Actually, this (v3) should happen pretty much automatically, as the test variant is encoded in the test method name. we have a python metaclass which does this replication for us, and as far as the rest of the world is concerned, they are just separate tests.

So if you just normally enumerate all methods in a test class, you will naturally get every variant in it's own test.

Preferably lit would take care of as much as possible. I think Zachary’s
idea makes sense as an incremental step. If we think of one python file as
a google test executable, it makes sense to return a list of test for every
python file for “v2”. I think running the different variants as separate
tests is going to be “v3” and will require quite a bit more work.

Actually, this (v3) should happen pretty much automatically, as the test variant is encoded in the test method name. we have a python metaclass which does this replication for us, and as far as the rest of the world is concerned, they are just separate tests.

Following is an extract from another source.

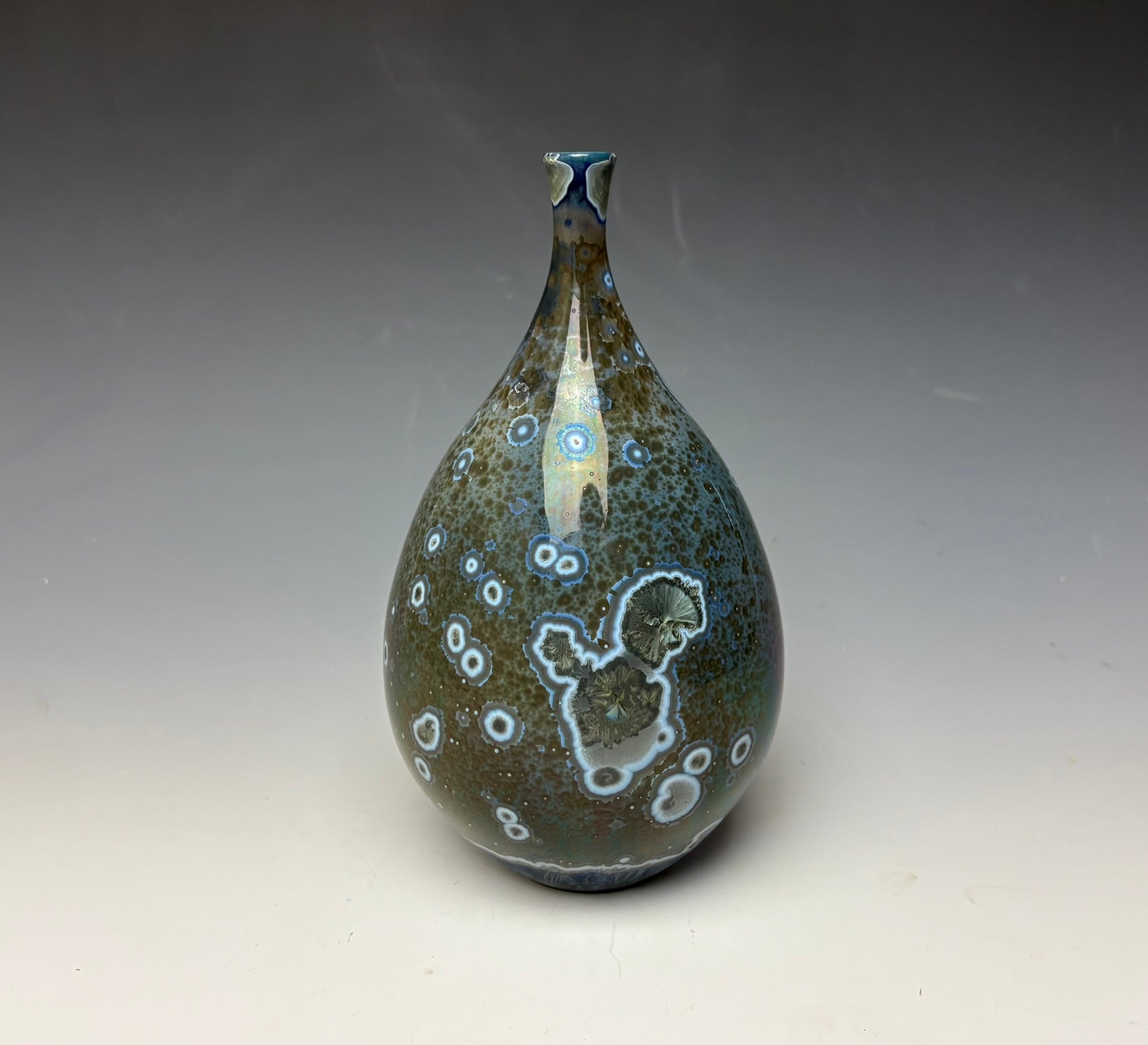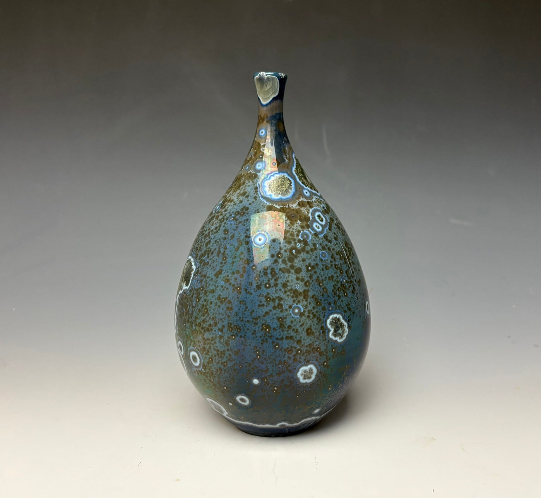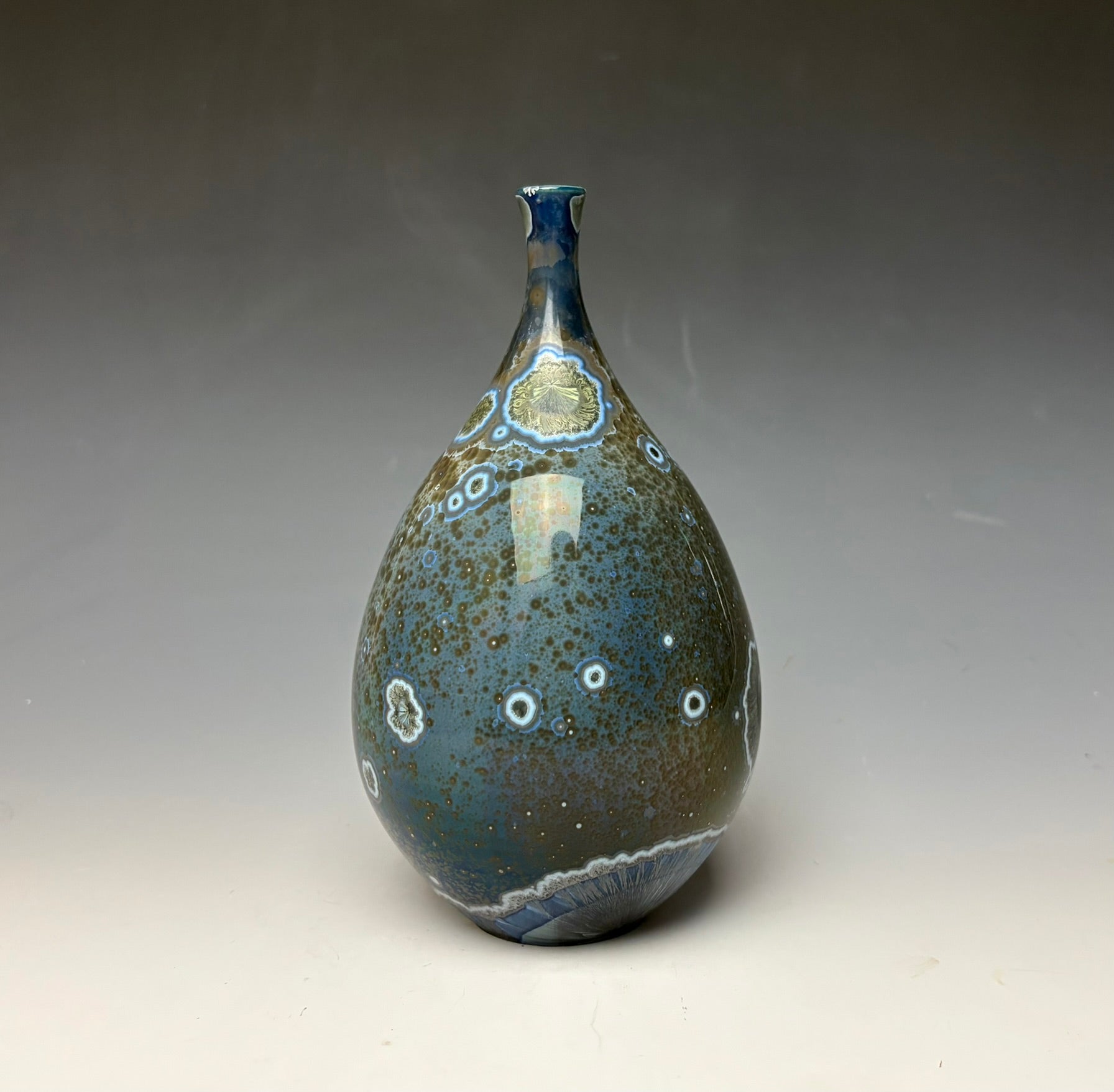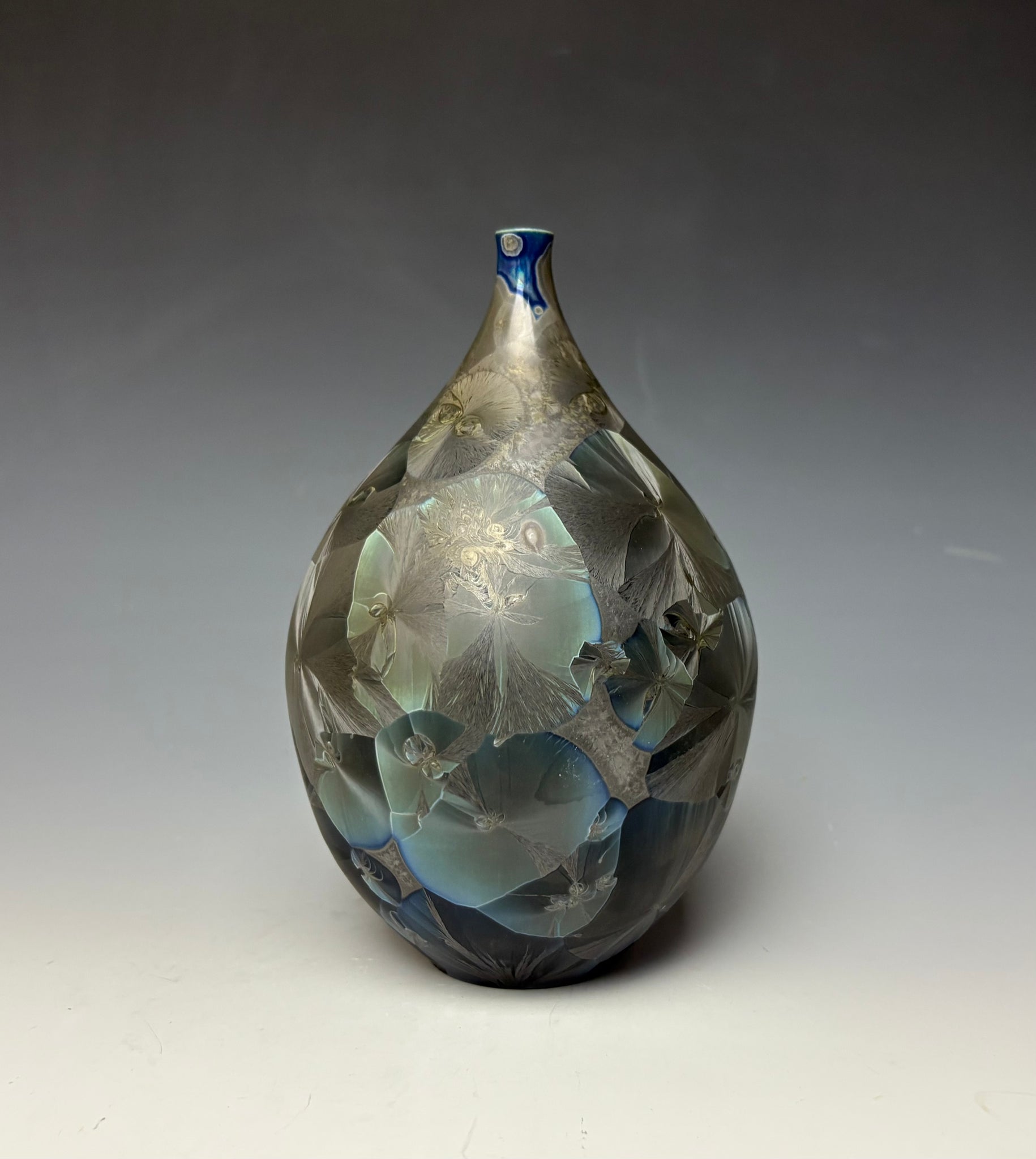 This vase was hand-made from porcelain clay on the potter's wheel by Lindsey. It is glazed with a unique glaze of copper & cobalt. The surface is multidimensional, with silvery blue crystals that have blue, grey and silver halos. There are other speckles with grey and pewter colored. The small crystals seem to pop off the surface of this unique vase as streaks of blue and white highlight different sections of the vase.

So if you just normally enumerate all methods in a test class, you will naturally get every variant in it's own test.

Yea but there are some issues with that, such as wanting to have a bit of common set up for each directory so that each variant doesn't have to do the same expensive thing over and over.

Anyway, we should discuss this when it's time to actually implement that since I think there are some interesting cases to consider.

Please see D45332 for the lldb test format and D45333 for how to use that to run the tests.